The intestinal microbiota is an essential part of the ecosystem in the organism, and changes in the intestinal microbiota impact the function of the intestinal microbiota [61]. Intestinal dysbacteriosis impacts metabolism in organisms, including but not limited to lipid metabolism, sugar metabolism, and amino acid metabolism. The accumulation and imbalance of these metabolites are also closely related to the occurrence and progression of various diseases [62]. According to our study, in the metabolism of co-factors and vitamins, energy metabolism, and the amino acid metabolism pathways, treatments G4–G6 were significantly higher than treatments G1–G3. These results suggested that using a crisping functional package may affect the metabolism of co-factors, vitamins, amino acids, and energy. In other words, such results indicated that adding functional packs to tilapia crisping feed could improve intestinal microbiota function and promote the metabolic processes of fish. On the contrary, some studies reported that broad beans could cause damage to the function of the intestinal microbiota. A typical example is that when weaned piglets are fed compound feed with more than 20% broad bean content, the amino acid metabolism function in predicting intestinal microbiota community function is negatively affected, indicating that their amino acid metabolism process is disordered [63].

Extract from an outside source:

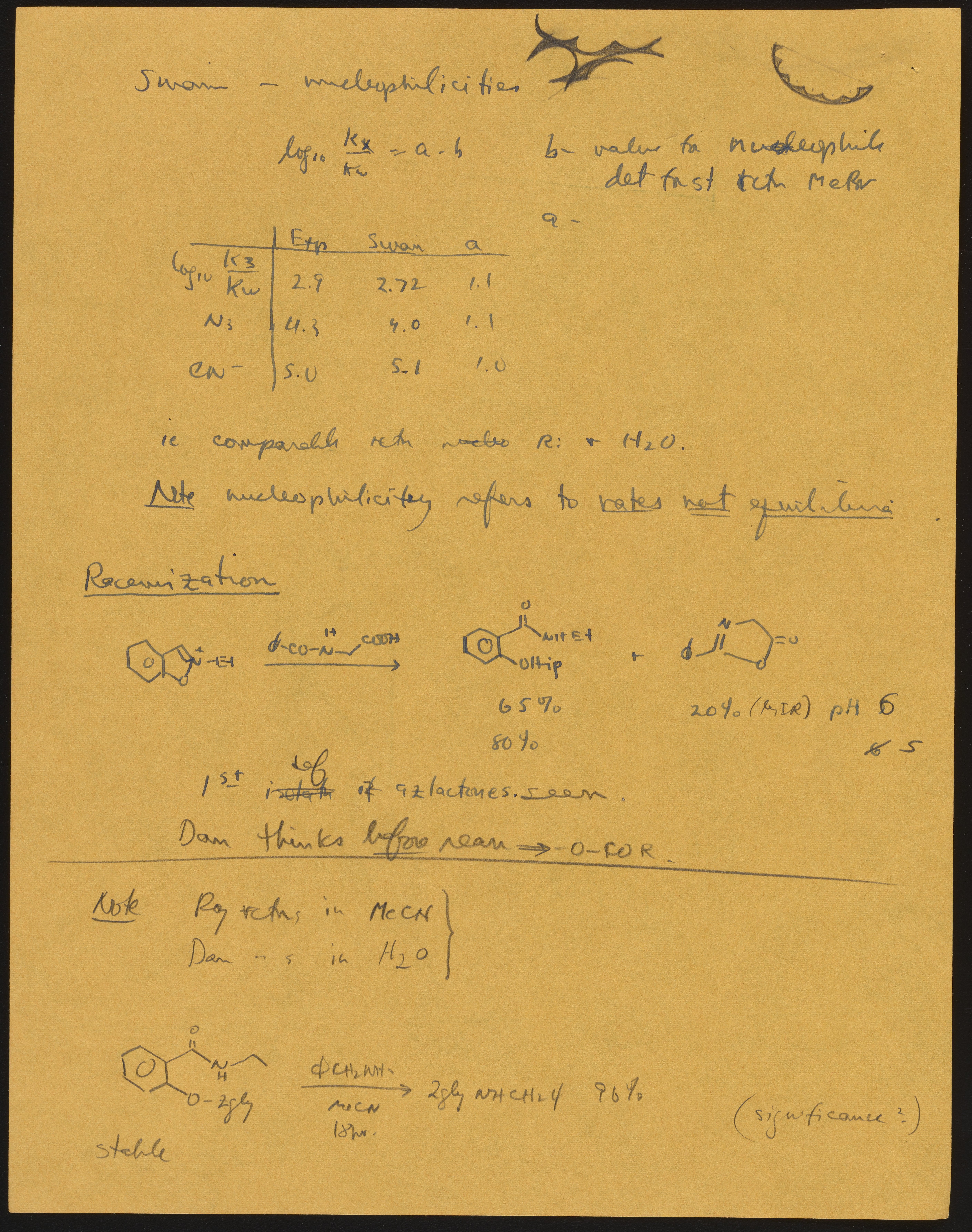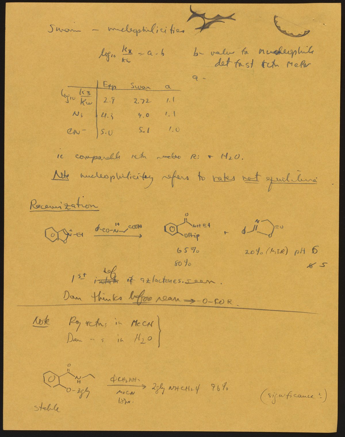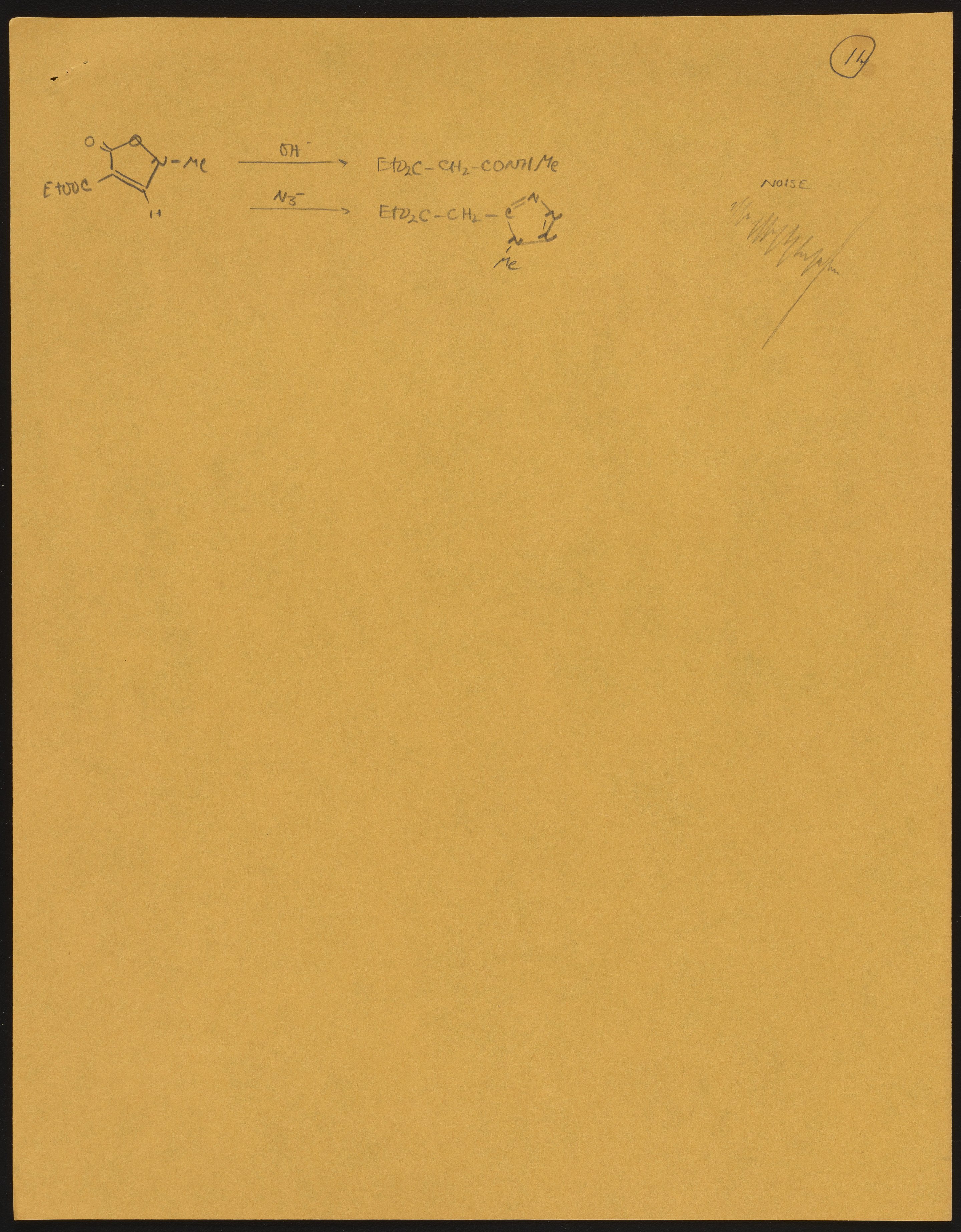 Kohler, Robert E. “R. B. (Robert Burns) Woodward Seminar Entitled ‘N-Et Benzisoxazolium Salts.’” Notes from R. B. (Robert Burns) Woodward's Seminars, circa 1959–1966. Folder 2. Science History Institute. Philadelphia. https://digital.sciencehistory.org/works/h989r4102.

The main components of the crisping functional package are short-chain fatty acids, antimicrobial peptides, bile acids, plant extracts, and taurine, among which short-chain fatty acids, antimicrobial peptides, and bile acids have positive effects on the structure and function of intestinal microbiota. Short-chain fatty acids are produced by the metabolism of the microbiota in the gastrointestinal tract and have a variety of physiological functions on intestinal epithelial cells, such as increasing metabolic levels and reducing intestinal inflammation [64]. Antimicrobial peptides are natural antimicrobials produced by intestinal epithelial cells that recognize and destroy pathogenic microorganisms and prevent intestinal infections [65]. Bile acids are compounds synthesized by the liver and secreted into the intestine, which are involved in digestion and lipid metabolism and can maintain the balance of the intestinal microbiota by interacting with the intestinal microbiota [66]. These three bioactive substances work together to maintain the diversity and stability of the intestinal microbiota, promote the integrity of the intestinal mucosal barrier, reduce the intestinal inflammatory response, and benefit intestinal health. All methods above aim at flesh quality improvement through nutritional approaches.

5. Conclusions

In brief, broad bean diets would cause no adverse effect on the growth performance of Nile tilapia. The supplementation of broad beans weakened the antioxidant capacity of fish but had no negative influence on liver health and the immune system. Increasing the amount of addition can increase muscle quality values, and the crisping functional package added to the diet can also improve muscle hardness, adhesiveness, and chewiness. In addition, the crisping functional package helped to improve the integrity of the intestinal tissue structure of Nile tilapia and the optimization of the fish intestinal microbiota. However, it should be pointed out that there are still some limitations in our study, like the short feeding time and the big initial fish weight; further trials can be conducted to perfect this study.

Supplementary Materials

The following supporting information can be downloaded at https://www.mdpi.com/article/10.3390/ani13233705/s1. Figure S1: LEfSe analysis based on category information; Figure S2: Intestinal microbial community function prediction of Nile tilapia (Orechromis niloticus) fed different experimental diets on the second level in metabolism function; Table S1: Amplified primer sequence.

Author Contributions

Conceptualization, X.H.; methodology, X.H., Y.H. and H.S.; software, Y.H.; validation, T.X.; formal analysis, X.H., T.X. and J.M.; investigation, X.H., H.S., T.X. and J.M.; resources, C.A.; data curation, H.S.; writing—original draft preparation, X.H.; writing—review and editing, C.A.; visualization, H.S. and Y.H.; supervision, C.A.; project administration, C.A.; funding acquisition, C.A. All authors have read and agreed to the published version of the manuscript.

Funding

This research was funded by Xiamen Marine and Fishery Development Special Fund Project, grant number 21CZP003HJ13.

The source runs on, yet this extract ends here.